The slope of the tangent line to the curve at (8, 2) is given by the derivative [tex]\frac{dy}{dx}[/tex] at that point. By the chain rule,

[tex]\dfrac{dy}{dx} = \dfrac{dy}{dt} \times \dfrac{dt}{dx} = \dfrac{\frac{dy}{dt}}{\frac{dx}{dt}}[/tex]

Differentiate the given parametric equations with respect to [tex]t[/tex] :

[tex]x = 4t \implies \dfrac{dx}{dt} = 4[/tex]

[tex]y = \dfrac4t \implies \dfrac{dy}{dt} = -\dfrac4{t^2}[/tex]

Then

[tex]\dfrac{dy}{dx} = \dfrac{-\frac4{t^2}}4 = -\dfrac1{t^2}[/tex]
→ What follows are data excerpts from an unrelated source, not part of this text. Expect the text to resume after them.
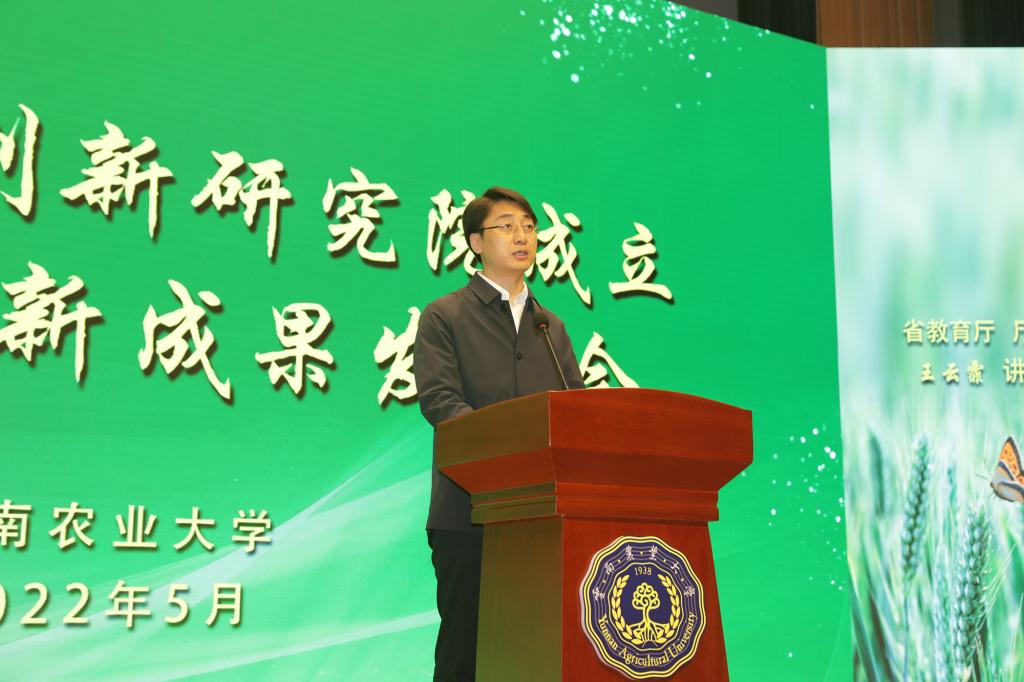 省教育厅厅长王云霏、省农业农村厅厅长谢晖、省科技厅巡视员王立新分别作了会议讲话,表示将一如既往鼓励支持云南农业大学,希望云南种业创新研究院能依托云南农业大学产、学、研联动优势,围绕种子产业链关键核心技术,搭建公共平台,汇集科研力量,张榜联合攻关,激发创新活力,全面加强种业科技原始创新,在云南粮食安全和产业发展方面作出农业高等院校的贡献,有力助推种业发展迈上新台阶。
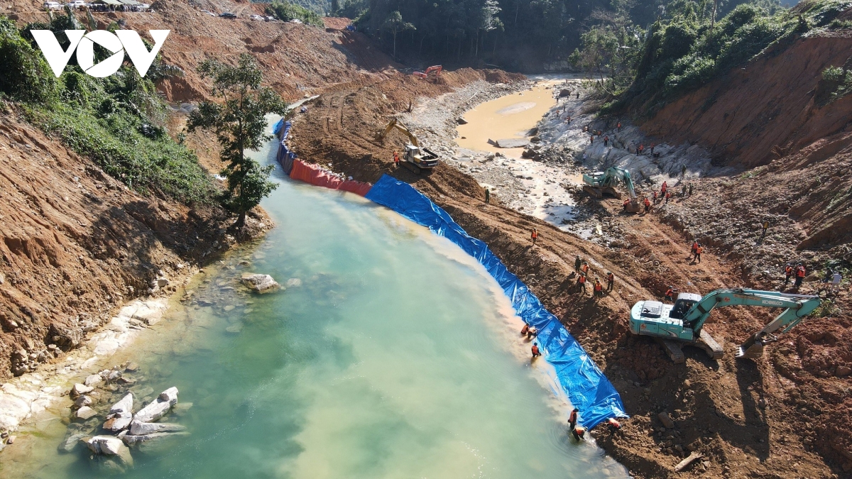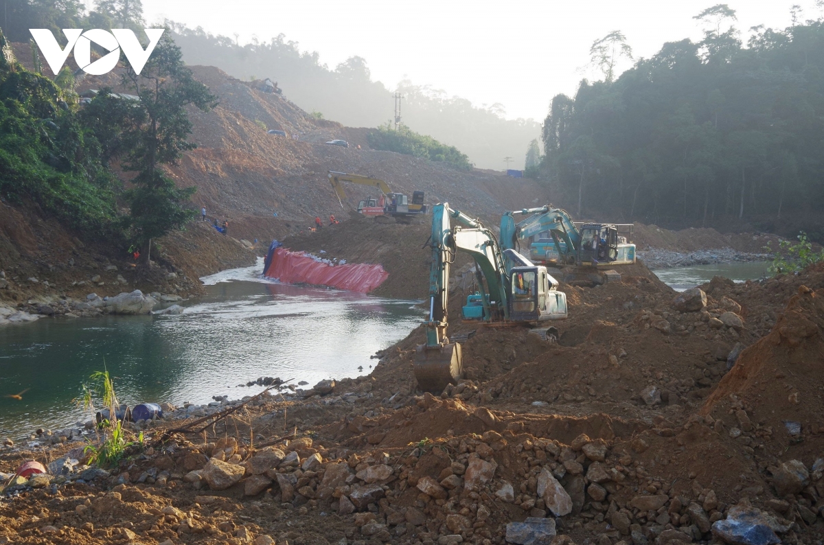 The dam is 3.5 m high, 5 m wide, 15 m long, covered with soil and gabions and canvas located upstream right at the landslide location of Rao Trang 3 hydropower plant. Searching the army, police and dogs of Border Guard Intermediate School began to search the area of the Rao Trang River, where it was suspected that the bodies of 12 hydropower workers Rao Trang 3 were buried. The forces are still actively searching for the remaining missing victims.
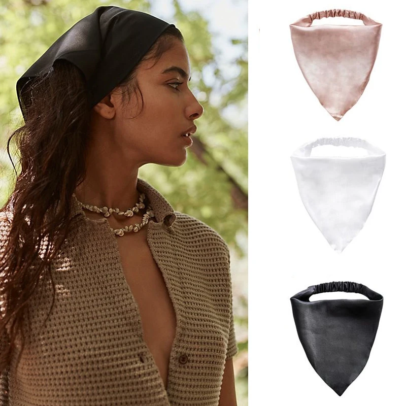 Women Solid Hair Scarf Scrunchies Vintage Triangle Bandana Hairband Headband Elastic Hair Bands Headwrap Hair Accessories

We have [tex]x=8[/tex] and [tex]y=2[/tex] when [tex]t=2[/tex], so the slope at the given point is [tex]\frac{dy}{dx} = -\frac14[/tex].

The normal line to the same point is perpendicular to the tangent line, so its slope is +4. Then using the point-slope formula for a line, the normal line has equation

[tex]y - 2 = 4 (x - 8) \implies \boxed{y = 4x - 30}[/tex]

Alternatively, we can eliminate the parameter and express [tex]y[/tex] explicitly in terms of [tex]x[/tex] :

[tex]x = 4t \implies t = \dfrac x4 \implies y = \dfrac4t = \dfrac4{\frac x4} = \dfrac{16}x[/tex]

Then the slope of the tangent line is

[tex]\dfrac{dy}{dx} = -\dfrac{16}{x^2}[/tex]

At [tex]x = 8[/tex], the slope is again [tex]-\frac{16}{64}=-\frac14[/tex], so the normal has slope +4, and so on.